● **EXERCISE DIRECTIONS**: Copy exactly the lines of the material below that fall between the line with "Мангал-барбекю Mzavod Гефест" and the line with "Rarely on the", both of those lines included; pictures stay out.

● **TASK MATERIAL**:

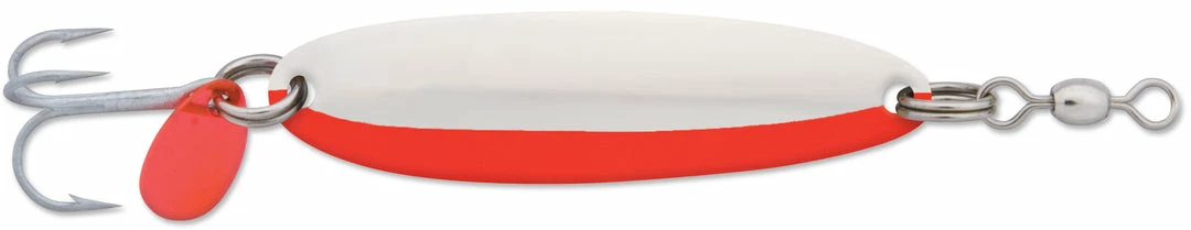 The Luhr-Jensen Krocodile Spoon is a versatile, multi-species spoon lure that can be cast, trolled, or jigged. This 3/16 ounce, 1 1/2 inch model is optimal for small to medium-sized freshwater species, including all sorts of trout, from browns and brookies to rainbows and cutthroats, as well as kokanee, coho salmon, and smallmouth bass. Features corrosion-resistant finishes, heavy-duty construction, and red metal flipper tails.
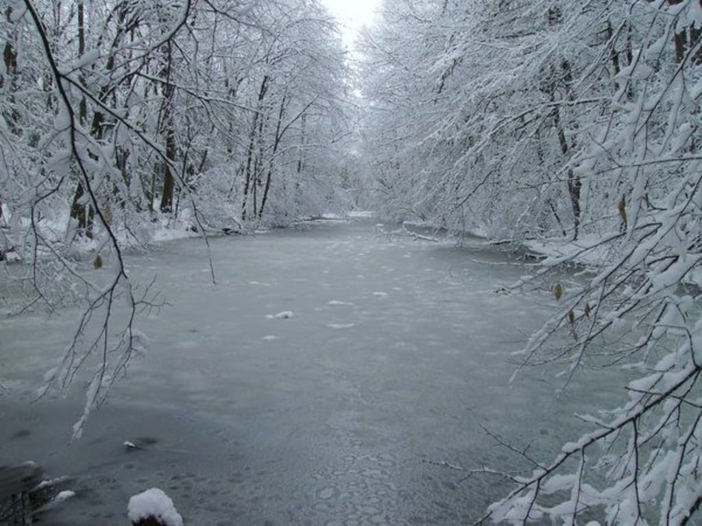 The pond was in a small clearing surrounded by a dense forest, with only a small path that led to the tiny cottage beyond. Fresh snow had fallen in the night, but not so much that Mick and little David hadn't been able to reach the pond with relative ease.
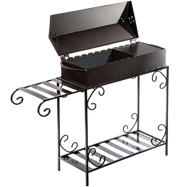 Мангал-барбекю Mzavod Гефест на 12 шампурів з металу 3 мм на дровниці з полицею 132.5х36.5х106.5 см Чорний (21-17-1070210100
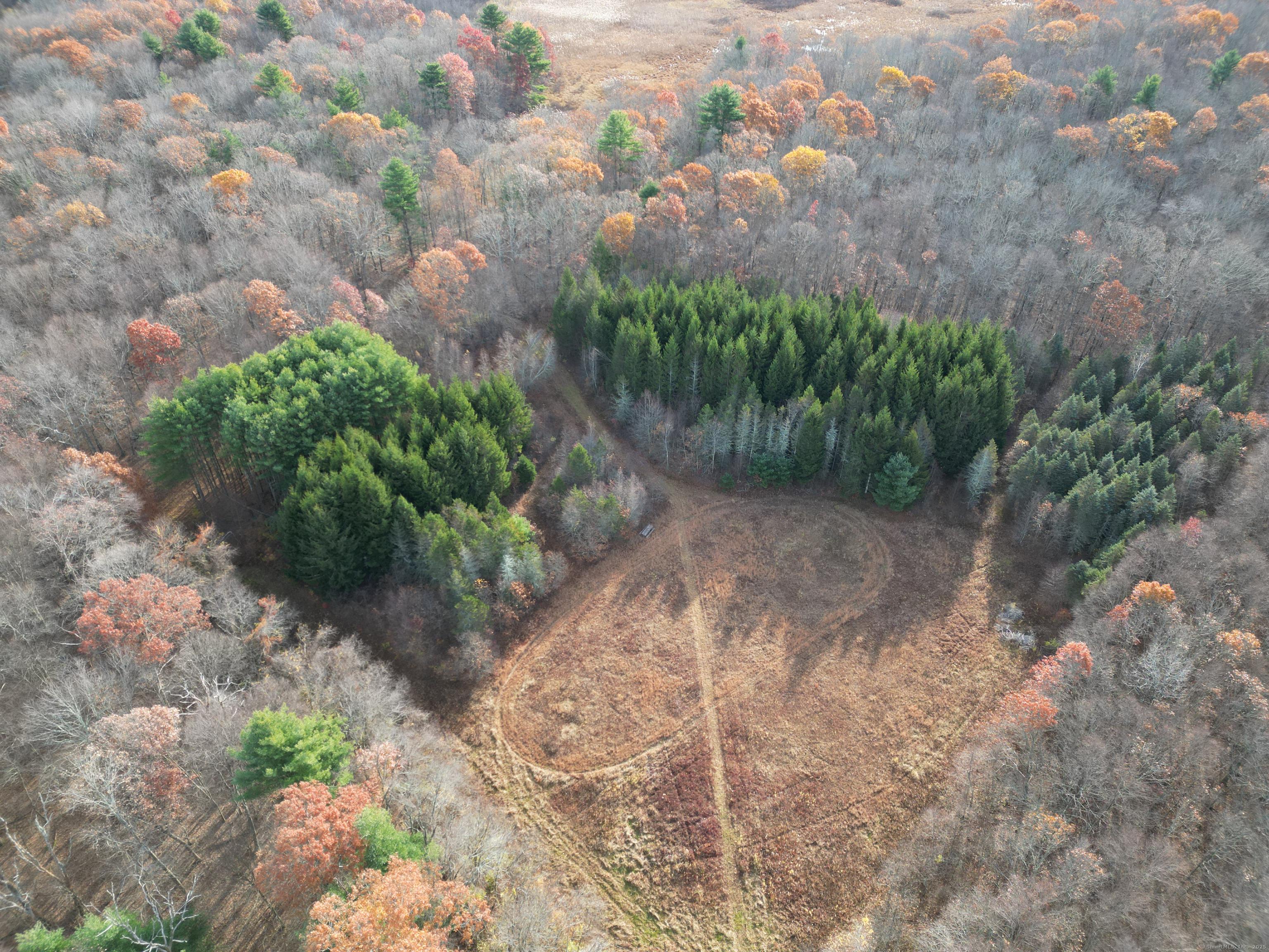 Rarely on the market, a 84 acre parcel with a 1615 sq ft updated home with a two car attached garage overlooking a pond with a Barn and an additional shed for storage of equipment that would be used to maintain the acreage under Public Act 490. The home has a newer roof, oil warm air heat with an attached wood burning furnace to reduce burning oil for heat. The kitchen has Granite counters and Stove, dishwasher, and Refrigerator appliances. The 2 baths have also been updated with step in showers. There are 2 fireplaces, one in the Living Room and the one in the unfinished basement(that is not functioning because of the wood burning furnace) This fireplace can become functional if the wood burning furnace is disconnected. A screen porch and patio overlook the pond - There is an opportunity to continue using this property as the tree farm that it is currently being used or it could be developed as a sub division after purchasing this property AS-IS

==

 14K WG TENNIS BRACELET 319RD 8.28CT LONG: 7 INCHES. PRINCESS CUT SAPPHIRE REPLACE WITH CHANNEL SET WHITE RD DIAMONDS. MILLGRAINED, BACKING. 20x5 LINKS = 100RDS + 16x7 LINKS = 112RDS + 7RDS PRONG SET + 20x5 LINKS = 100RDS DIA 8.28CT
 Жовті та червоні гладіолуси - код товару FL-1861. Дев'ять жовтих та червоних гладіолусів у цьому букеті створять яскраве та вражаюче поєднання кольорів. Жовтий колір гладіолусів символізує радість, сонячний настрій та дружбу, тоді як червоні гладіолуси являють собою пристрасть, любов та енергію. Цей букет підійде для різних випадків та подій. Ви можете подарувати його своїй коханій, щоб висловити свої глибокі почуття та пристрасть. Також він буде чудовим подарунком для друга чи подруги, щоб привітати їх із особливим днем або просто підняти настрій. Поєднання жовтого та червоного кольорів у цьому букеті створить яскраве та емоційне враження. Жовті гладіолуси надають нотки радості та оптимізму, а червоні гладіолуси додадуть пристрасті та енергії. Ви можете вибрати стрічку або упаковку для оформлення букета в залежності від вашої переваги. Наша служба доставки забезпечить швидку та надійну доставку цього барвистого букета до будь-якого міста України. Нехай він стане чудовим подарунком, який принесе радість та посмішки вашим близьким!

--

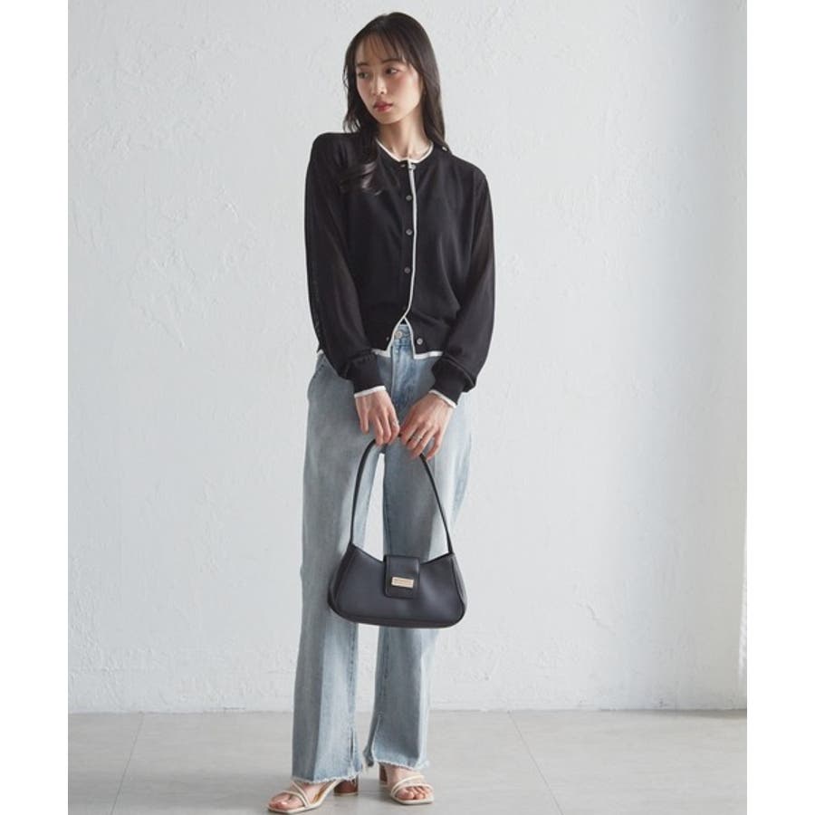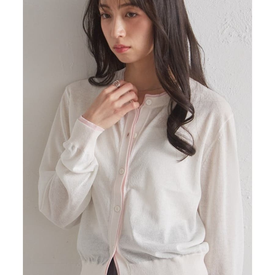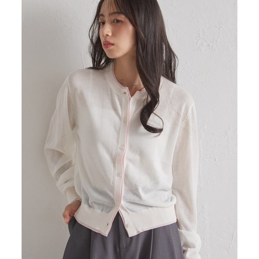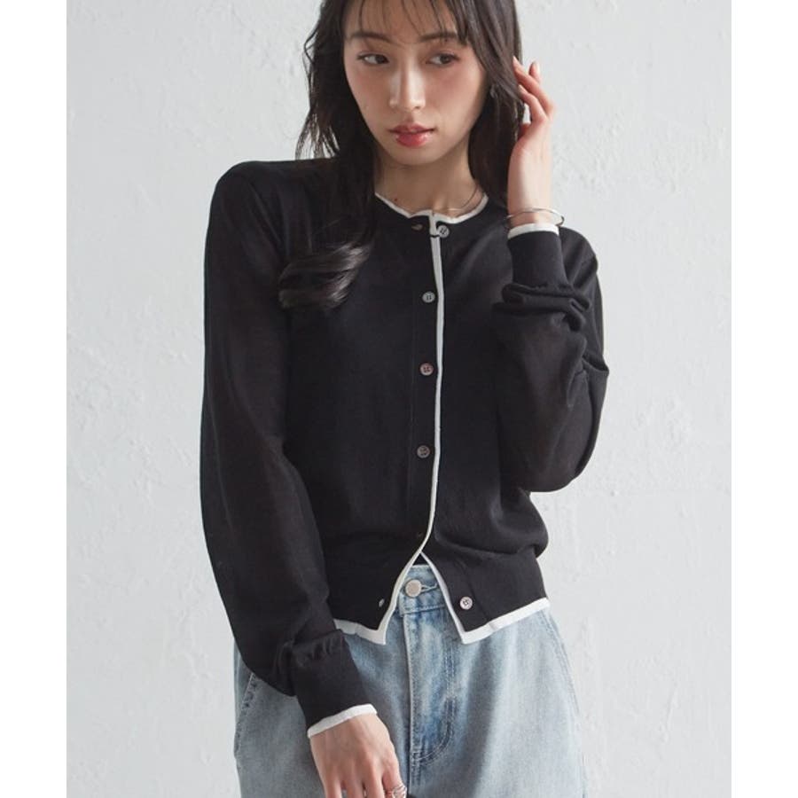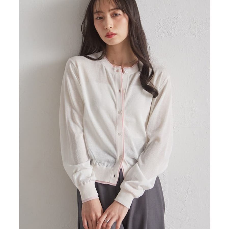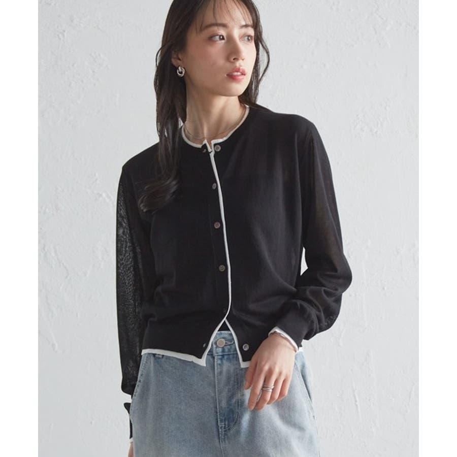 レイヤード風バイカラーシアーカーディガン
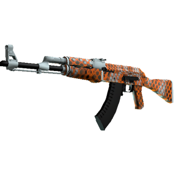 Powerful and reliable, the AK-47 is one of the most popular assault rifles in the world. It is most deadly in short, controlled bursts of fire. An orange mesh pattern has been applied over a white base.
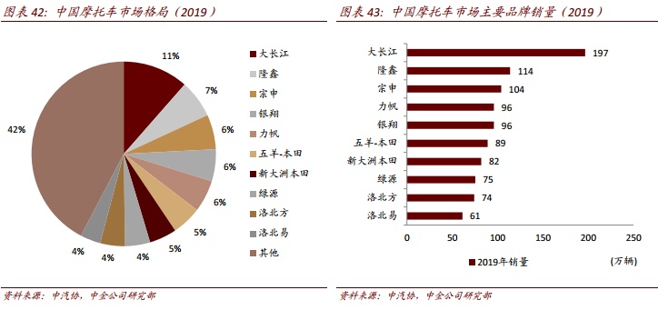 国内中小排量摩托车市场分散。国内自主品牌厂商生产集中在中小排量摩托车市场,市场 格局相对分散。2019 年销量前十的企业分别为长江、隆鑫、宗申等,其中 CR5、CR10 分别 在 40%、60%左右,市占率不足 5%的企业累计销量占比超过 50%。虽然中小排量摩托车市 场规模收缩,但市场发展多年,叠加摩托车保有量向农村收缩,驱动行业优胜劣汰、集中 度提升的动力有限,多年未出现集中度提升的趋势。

● **EXERCISE RESPONSE**:
 Мангал-барбекю Mzavod Гефест на 12 шампурів з металу 3 мм на дровниці з полицею 132.5х36.5х106.5 см Чорний (21-17-1070210100
 Rarely on the market, a 84 acre parcel with a 1615 sq ft updated home with a two car attached garage overlooking a pond with a Barn and an additional shed for storage of equipment that would be used to maintain the acreage under Public Act 490. The home has a newer roof, oil warm air heat with an attached wood burning furnace to reduce burning oil for heat. The kitchen has Granite counters and Stove, dishwasher, and Refrigerator appliances. The 2 baths have also been updated with step in showers. There are 2 fireplaces, one in the Living Room and the one in the unfinished basement(that is not functioning because of the wood burning furnace) This fireplace can become functional if the wood burning furnace is disconnected. A screen porch and patio overlook the pond - There is an opportunity to continue using this property as the tree farm that it is currently being used or it could be developed as a sub division after purchasing this property AS-IS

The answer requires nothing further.